*Task to complete*: Each line in the data must be reproduced as written, except for any picture.

*Given material*:
_ _ _ _ _
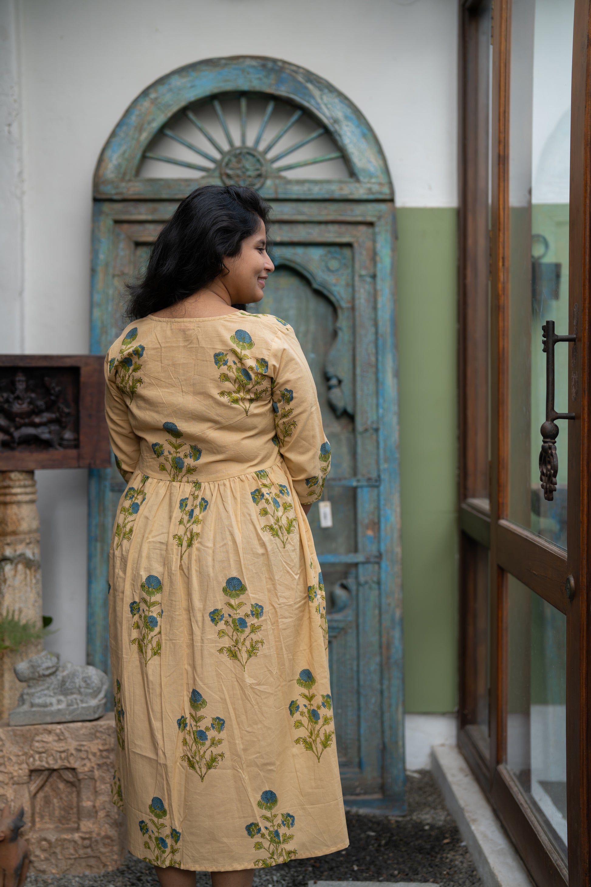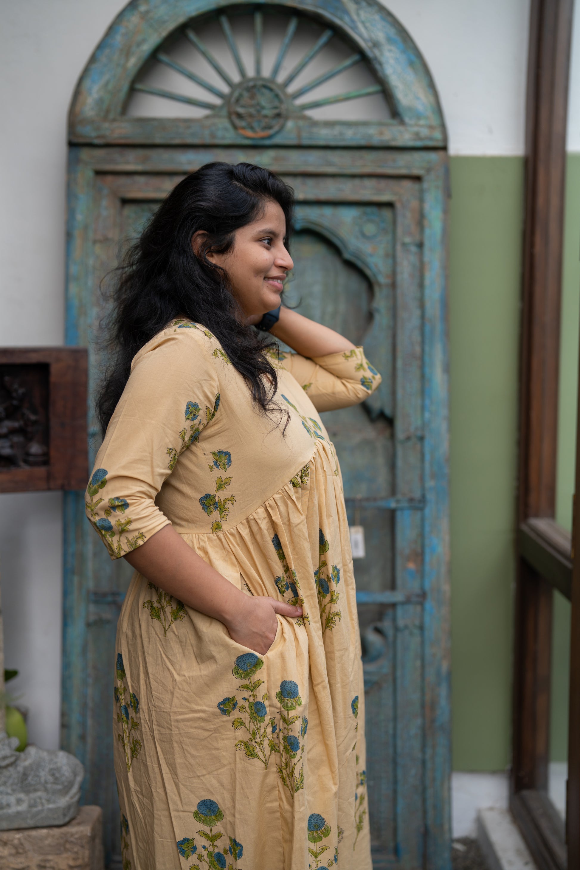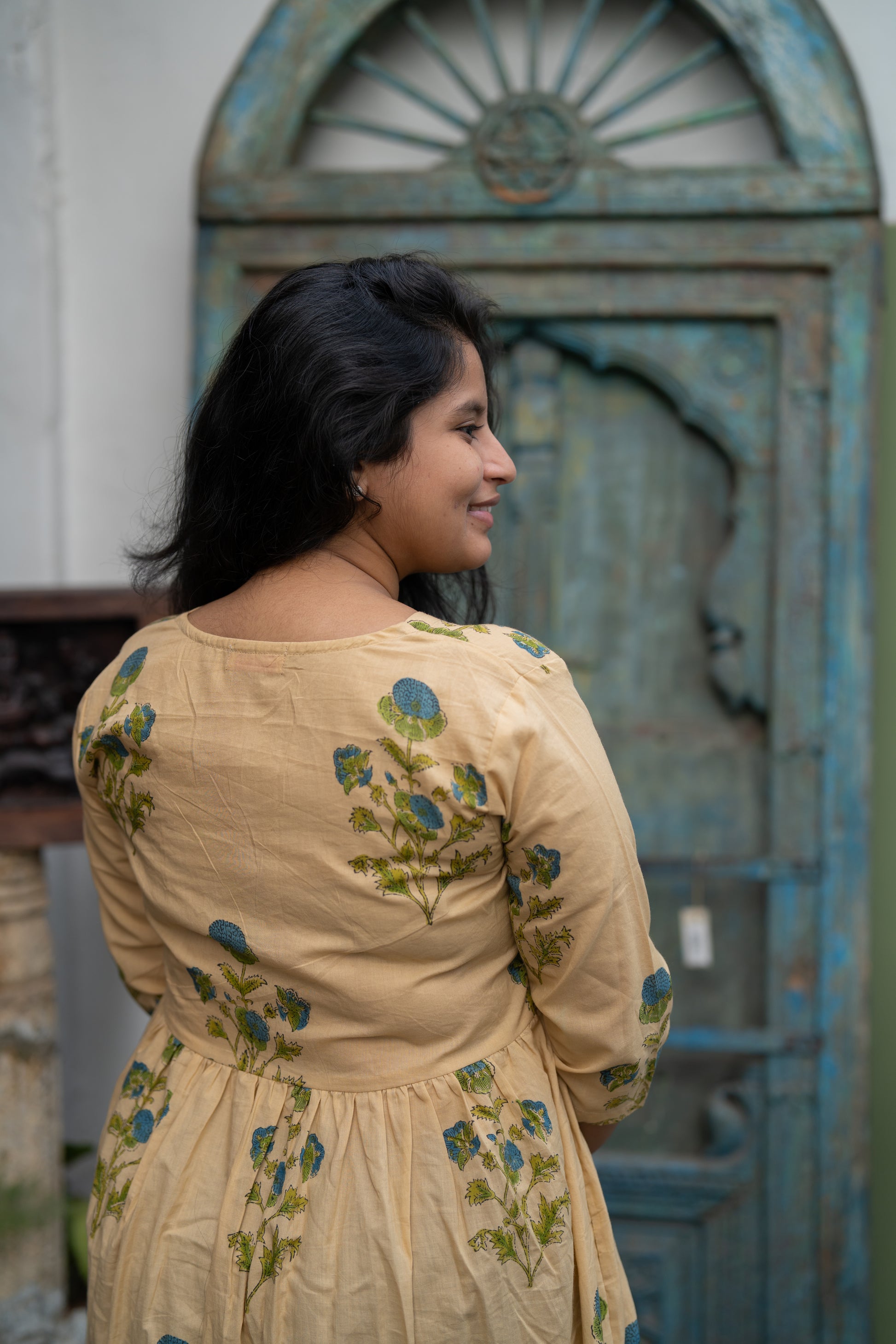 This tan floral handblock printed midi dress with gentle gathers and 3/4th sleeves is a slow summer afternoon stitched into fabric.
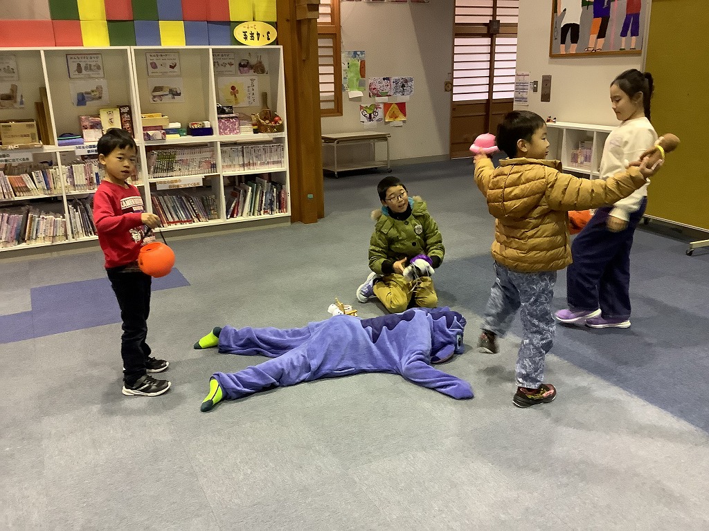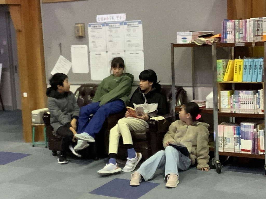 美小HPへようこそ。今日は一段℃冷えます。最低気温は-1℃、最高気温は8℃の予報です。朝読書の時間の前、早く登校した子どもたちはホールでそれぞれ好きな遊びをしています。今日はハロウィン仮装チームの横で6年生たちが本を読みながらときどきおしゃべりしていました。
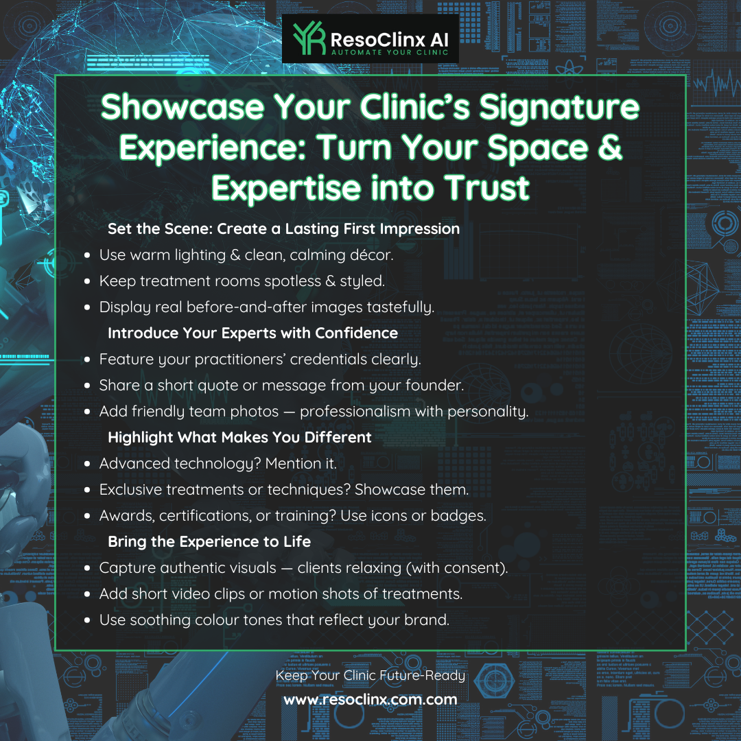 This is a key part of effective aesthetic clinic marketing — clients aren’t just buying treatments; they’re choosing an experience and a trusted professional.
_ _ _ _ _
*Solution for this exercise*:
 This tan floral handblock printed midi dress with gentle gathers and 3/4th sleeves is a slow summer afternoon stitched into fabric.
 美小HPへようこそ。今日は一段℃冷えます。最低気温は-1℃、最高気温は8℃の予報です。朝読書の時間の前、早く登校した子どもたちはホールでそれぞれ好きな遊びをしています。今日はハロウィン仮装チームの横で6年生たちが本を読みながらときどきおしゃべりしていました。
 This is a key part of effective aesthetic clinic marketing — clients aren’t just buying treatments; they’re choosing an experience and a trusted professional.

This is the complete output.